Individuals enrolled in two Danish population based randomised AAA screening trials and assigned to cross sectional screening and evaluation of cardiovascular risk factors were identified. Diagnoses of diverticular disease were interrogated from a national patient registry covering the period from 1977 to the screening date. Adjusted odds ratios (aOR) and hazard ratios (aHR) with 95% CI were calculated as risk measures.

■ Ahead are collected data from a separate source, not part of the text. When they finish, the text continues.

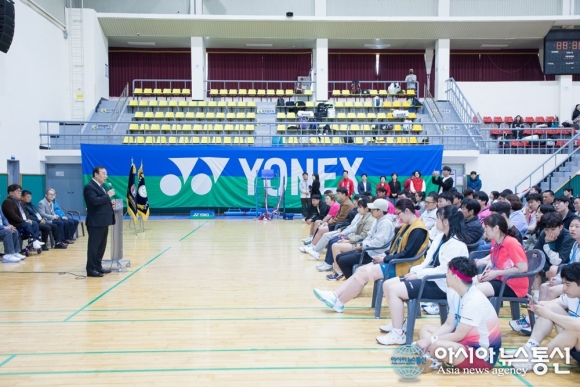 최민호 세종시장이 28일 세종시민체육관에서 열린 '제5회 세종시장배 겸 전국 스페셜장애인배드민턴대회'에서 인사말을 하고 있다./사진제공=세종시 [아시아뉴스통신=박희석 기자]세종시가 28일부터 29일까지 2일간 조치원 세종시민체육관에서 열린 ‘제5회 세종시장배 겸 전국 스페셜(SPECIAL)장애인배드.. 2026-03-29
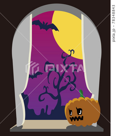 ハロウィンの夜に窓から外を見るジャック・オー・ランタンのイラスト素材78348843- PIXTA。
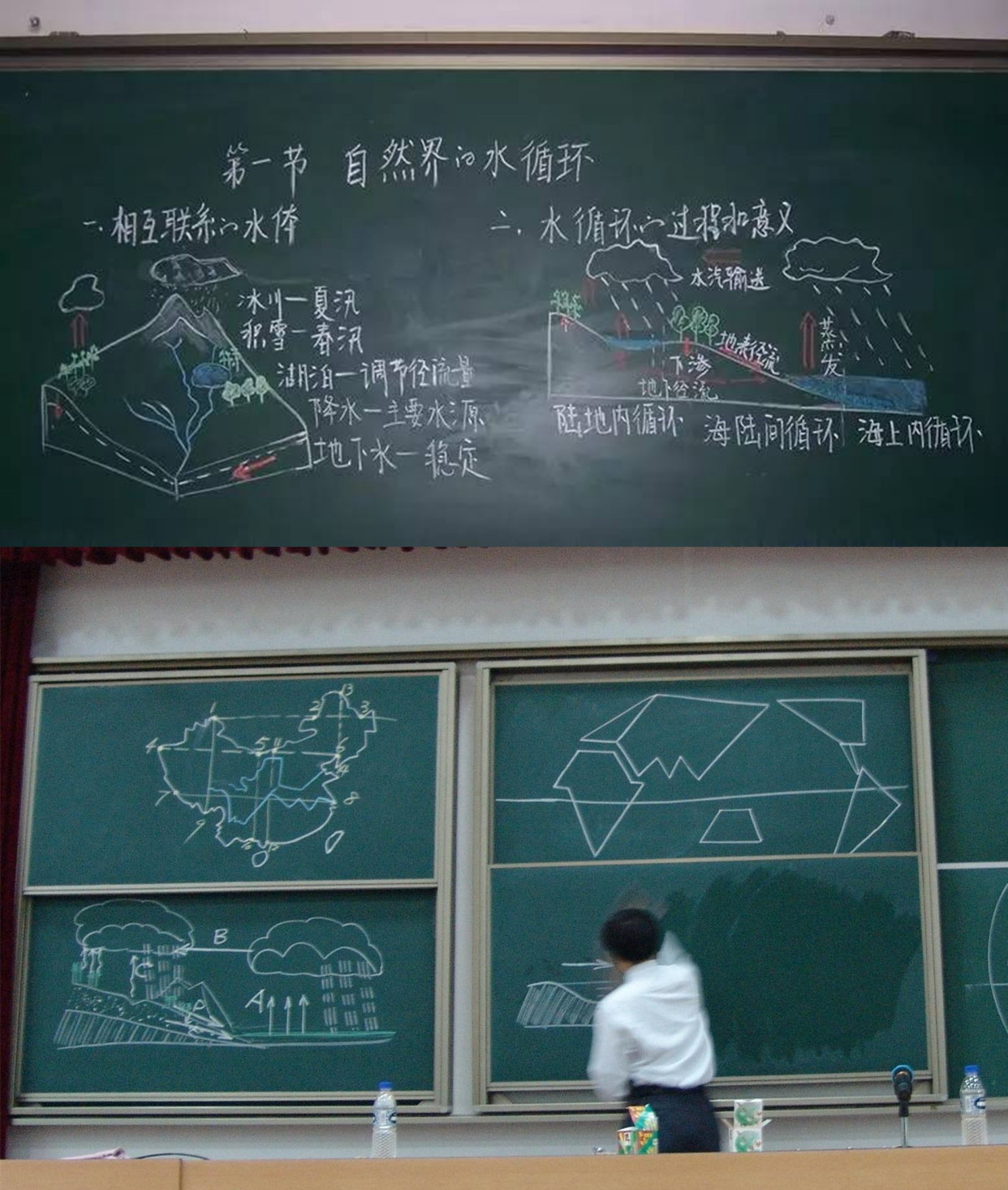 在绘制一个个地理教学图时魅力十足,搭配上图形,整个板书浑然天成。无论是板块示意图还是水循环示意图,在地理老师的手中比书本的配图还要赏心悦目。

24,632 individuals (median age, 69 years) were included. At screening, 687 patients had pre-existing diverticular disease. Patients with diverticular disease were more likely to have AAA at screening compared with those without diverticular disease (5.2% vs. 3.3%) (OR 1.61, 95% CI 1.14-2.27). This association persisted after adjusting for potential confounders (aOR 1.49, 95% CI 1.04-2.12) and on sensitivity analyses. The association was most pronounced for those with a diagnosis of diverticular disease for at least 10 years (aOR 2.56, 95% CI 1.49-4.38). Following screening, 6.2% of patients with diverticular disease and AAA experienced aneurysm rupture, compared with 2.2% of patients with AAA without diverticular disease (aHR 4.1, 95% CI 1.6-10.8).


An association was found between diverticular disease and AAA in a large population based cohort. Biological causality remains to be established, and a potential impact of diverticular disease on the natural history of AAA needs to be explored further.